では、なぜこの二つ以外の和風月名には接続詞「な」が付かないのでしょう。卯月は「うな月」、文月は「ふみな月」、葉月は「はな月」、長月は「ながな月」…となってもよさそうなものです。
そもそも「水無月」は普通に読むなら「みずなづき」で、「みなづき」はその音節(シラブル)省略です。わざわざ「みず」を「み」と省略しておいて、わざわざ接続詞「な」を加えるというのは、名詞の成り立ちとしてちぐはぐで不自然に感じられます。白石の「みそぎ」説も同様です。
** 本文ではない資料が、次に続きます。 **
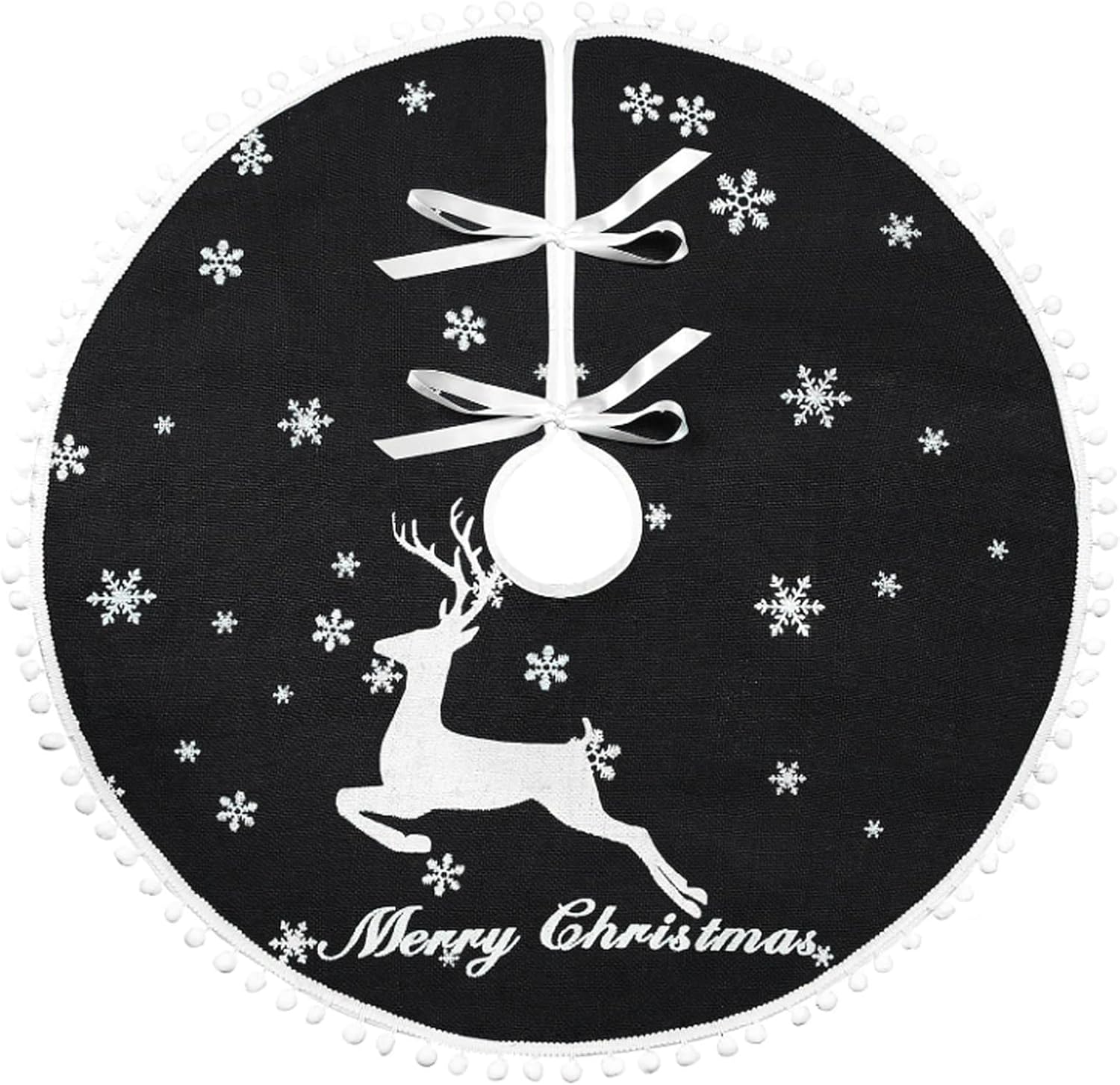 - Merry Christmas Tree Skirt:Our Christmas tree skirts is printed with elk and various sizes of snow patterns, as well as the words "Merry Christmas." The edges are adorned with small, fluffy balls, adding a festive touch to your Christmas tree. This 48-inch tree skirt is perfectly sized for most Christmas trees perfectly. Before making a purchase, please measure the diameter of your tree to ensure a perfect fit

和風月名の典拠となる古典は日本書紀です。この日本書紀ですが、わずかに残る「古本」と呼ばれる奈良・平安期の写本には訓読の記述がなく、卜部写本などの中世写本に、読み合わせ(読書会、勉強会)のテキストとして訓が附されました。月名については一月、二月、三月…と書かれていたものに、中世の写本から「むつき」「きさらぎ」「やよい」などの訓があてられていたもの。この仮名文字に、後から音に合わせ、あるいは漢籍の月名から転用(如月や皐月など)されたものが、今知られている「睦月、如月、弥生…」という見慣れた和風月名の文字列なのです。ですから、「みなづき」の本源の意味をさぐりあてようというなら、シンプルに音そのものから意味をさがさねばなりません。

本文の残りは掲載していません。